**Records for the exercise**

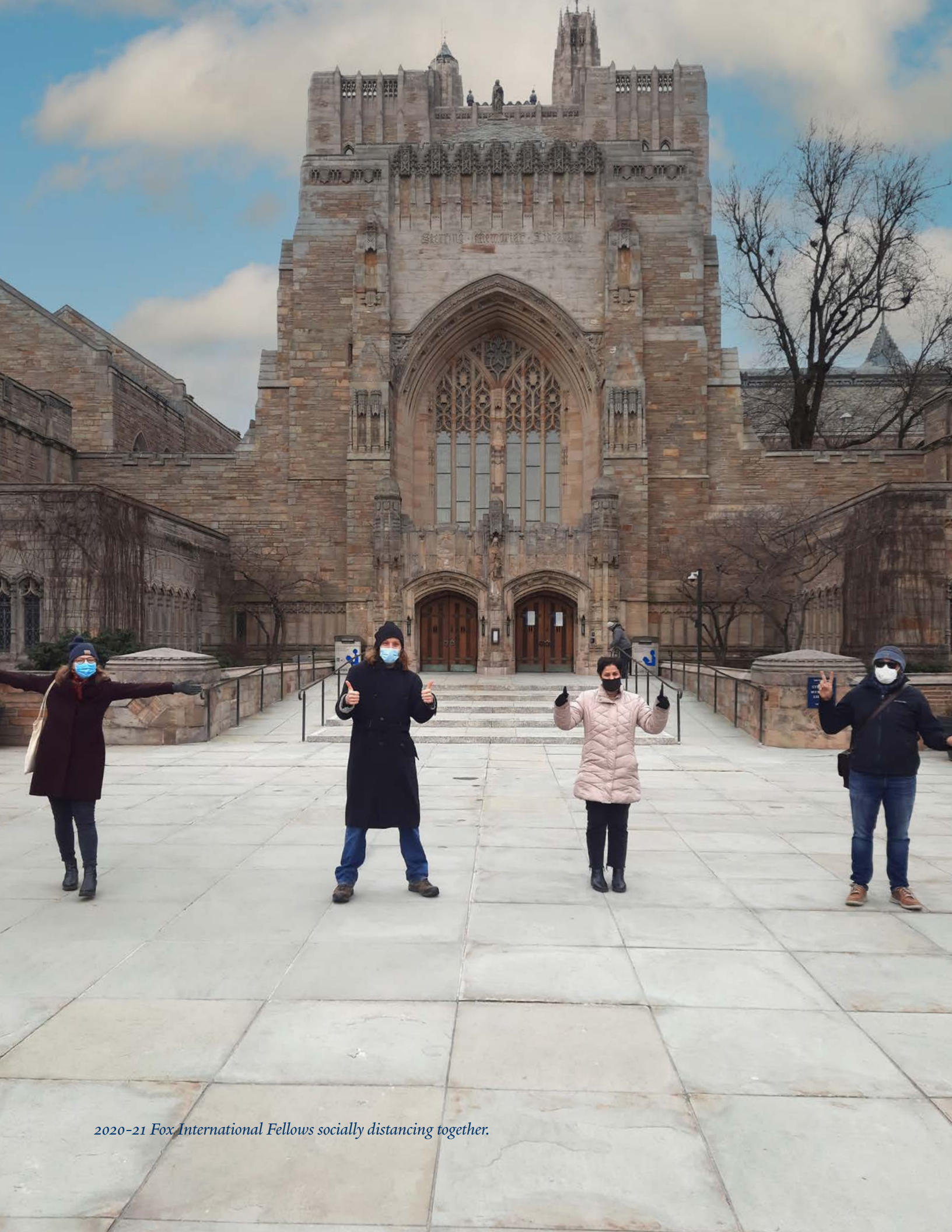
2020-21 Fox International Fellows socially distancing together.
--
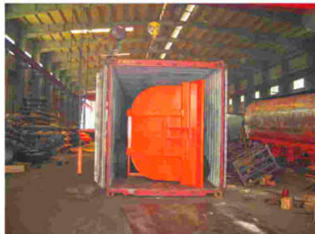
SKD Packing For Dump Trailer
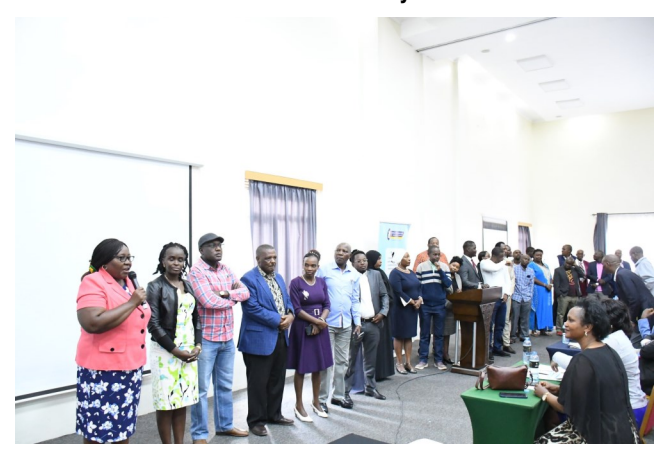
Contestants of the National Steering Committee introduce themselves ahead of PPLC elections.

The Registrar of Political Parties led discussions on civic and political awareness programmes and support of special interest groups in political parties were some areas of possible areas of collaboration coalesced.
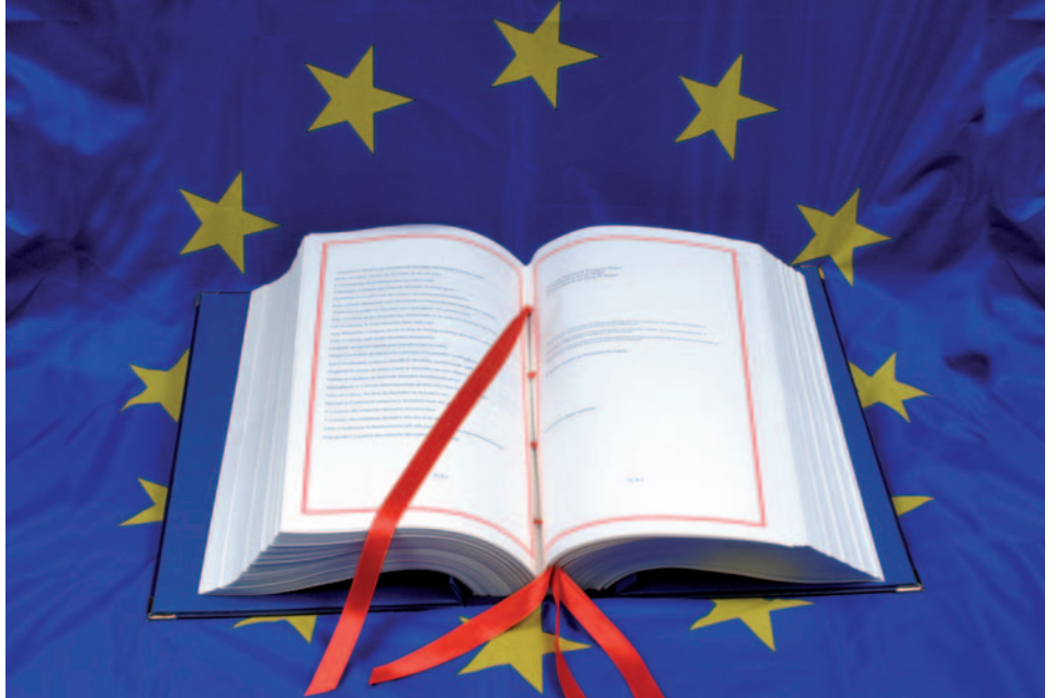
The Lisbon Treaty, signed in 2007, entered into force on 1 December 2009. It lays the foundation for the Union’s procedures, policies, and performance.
...
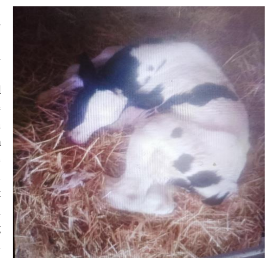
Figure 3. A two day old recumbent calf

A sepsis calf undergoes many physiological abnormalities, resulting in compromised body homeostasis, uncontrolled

**Task objective**
Among the lines above, find those with the word "calf". Copy them.

**Response to the exercise**
Figure 3. A two day old recumbent calf
A sepsis calf undergoes many physiological abnormalities, resulting in compromised body homeostasis, uncontrolled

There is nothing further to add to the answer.